━━ Information provided

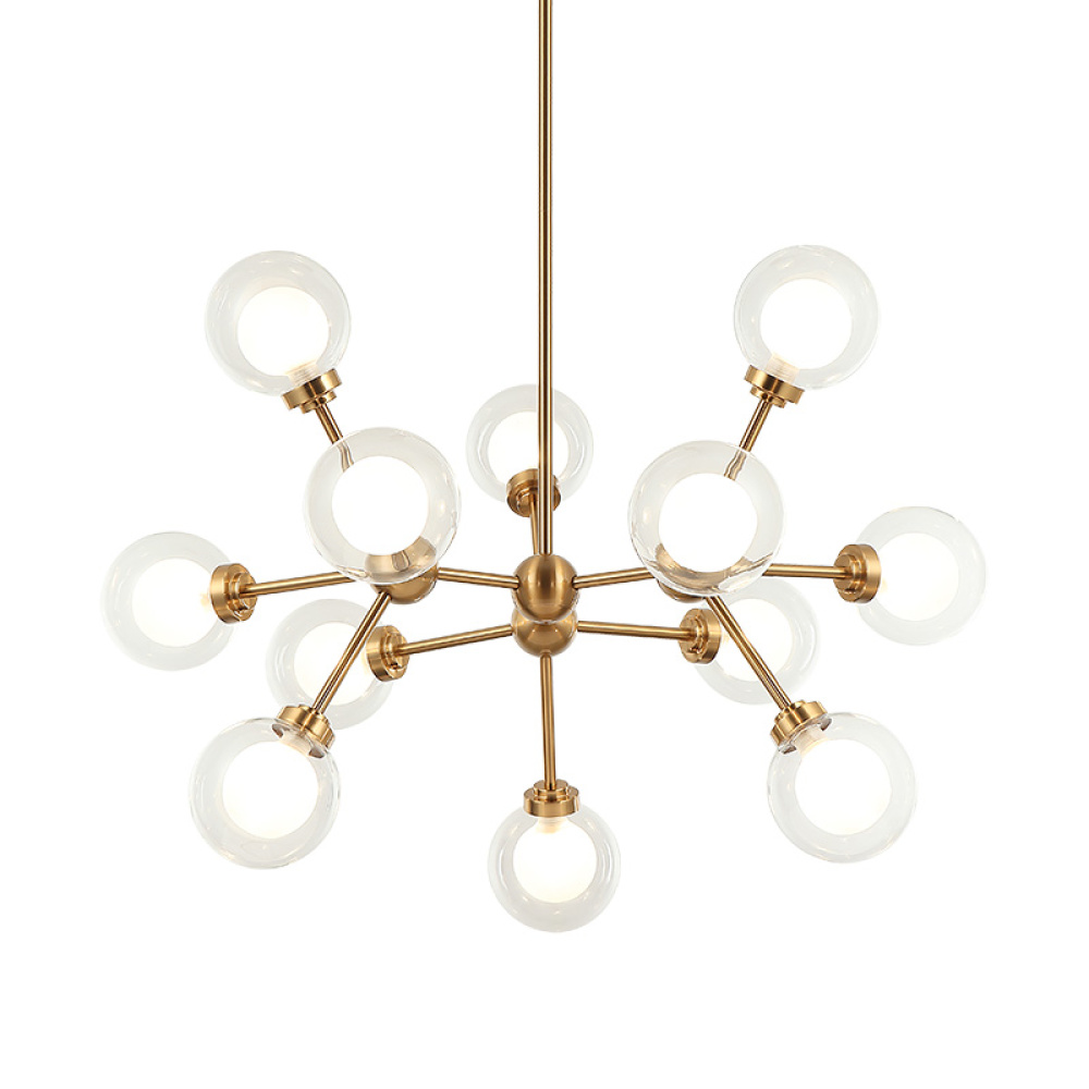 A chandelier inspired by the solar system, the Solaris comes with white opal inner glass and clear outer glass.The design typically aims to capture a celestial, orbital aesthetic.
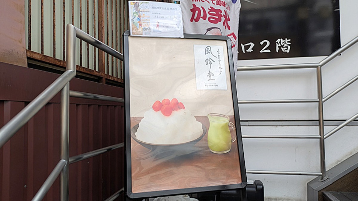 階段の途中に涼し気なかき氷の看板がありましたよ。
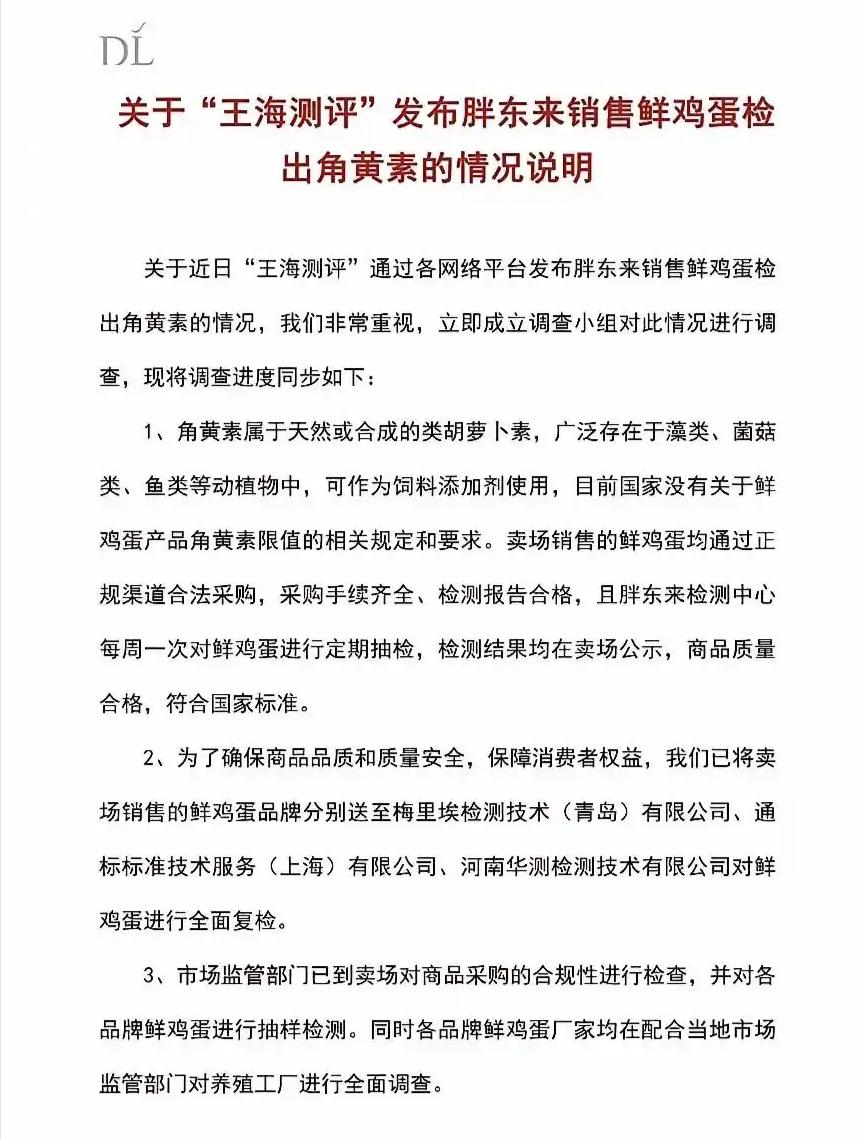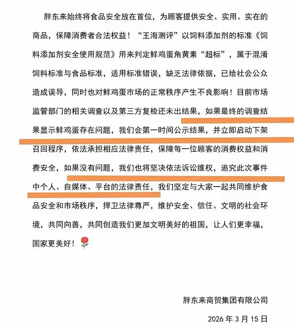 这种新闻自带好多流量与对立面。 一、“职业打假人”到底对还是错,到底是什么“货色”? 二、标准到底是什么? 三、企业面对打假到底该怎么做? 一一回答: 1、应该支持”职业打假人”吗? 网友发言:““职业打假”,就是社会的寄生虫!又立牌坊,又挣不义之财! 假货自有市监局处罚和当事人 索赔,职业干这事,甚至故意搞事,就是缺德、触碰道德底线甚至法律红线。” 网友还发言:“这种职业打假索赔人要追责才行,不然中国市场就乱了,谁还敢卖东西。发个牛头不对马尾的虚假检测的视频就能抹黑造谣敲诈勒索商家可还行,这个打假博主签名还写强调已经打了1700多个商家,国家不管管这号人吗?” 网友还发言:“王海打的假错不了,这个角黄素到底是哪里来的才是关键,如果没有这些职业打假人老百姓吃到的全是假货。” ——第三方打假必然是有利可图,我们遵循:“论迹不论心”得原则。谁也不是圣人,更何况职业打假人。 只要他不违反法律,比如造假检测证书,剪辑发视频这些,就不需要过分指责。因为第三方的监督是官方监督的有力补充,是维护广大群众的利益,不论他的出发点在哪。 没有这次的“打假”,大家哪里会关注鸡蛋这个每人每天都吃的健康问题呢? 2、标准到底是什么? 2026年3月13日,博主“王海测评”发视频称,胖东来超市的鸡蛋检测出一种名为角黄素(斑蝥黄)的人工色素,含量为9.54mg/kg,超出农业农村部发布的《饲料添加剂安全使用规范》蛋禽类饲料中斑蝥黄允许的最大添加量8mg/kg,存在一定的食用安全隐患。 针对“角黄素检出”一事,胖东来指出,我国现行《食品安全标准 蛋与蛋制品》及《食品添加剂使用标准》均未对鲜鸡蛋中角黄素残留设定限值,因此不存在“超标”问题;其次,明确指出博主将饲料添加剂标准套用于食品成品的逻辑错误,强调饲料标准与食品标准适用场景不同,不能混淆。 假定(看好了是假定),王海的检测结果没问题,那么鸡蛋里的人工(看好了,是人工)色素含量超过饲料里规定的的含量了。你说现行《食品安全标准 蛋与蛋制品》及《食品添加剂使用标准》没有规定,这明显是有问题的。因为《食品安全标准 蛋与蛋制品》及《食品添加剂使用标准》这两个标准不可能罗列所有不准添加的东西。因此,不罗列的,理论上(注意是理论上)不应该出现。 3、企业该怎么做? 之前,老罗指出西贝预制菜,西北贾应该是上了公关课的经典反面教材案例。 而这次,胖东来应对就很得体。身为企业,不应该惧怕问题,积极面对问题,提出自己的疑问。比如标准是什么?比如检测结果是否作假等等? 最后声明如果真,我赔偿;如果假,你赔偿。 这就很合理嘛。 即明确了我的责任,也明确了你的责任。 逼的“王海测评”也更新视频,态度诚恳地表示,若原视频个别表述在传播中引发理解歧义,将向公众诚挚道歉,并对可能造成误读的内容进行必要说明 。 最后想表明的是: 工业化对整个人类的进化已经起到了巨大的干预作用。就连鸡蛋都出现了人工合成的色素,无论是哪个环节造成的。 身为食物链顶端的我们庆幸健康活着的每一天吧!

━━━━

| Exercise description |
From the top of the listing above, repeat each line exactly until you reach the line containing "階段の途中に涼し気なかき氷の看板がありましたよ。", and repeat that one too. Leave the pictures out.

| Response area |
 A chandelier inspired by the solar system, the Solaris comes with white opal inner glass and clear outer glass.The design typically aims to capture a celestial, orbital aesthetic.
 階段の途中に涼し気なかき氷の看板がありましたよ。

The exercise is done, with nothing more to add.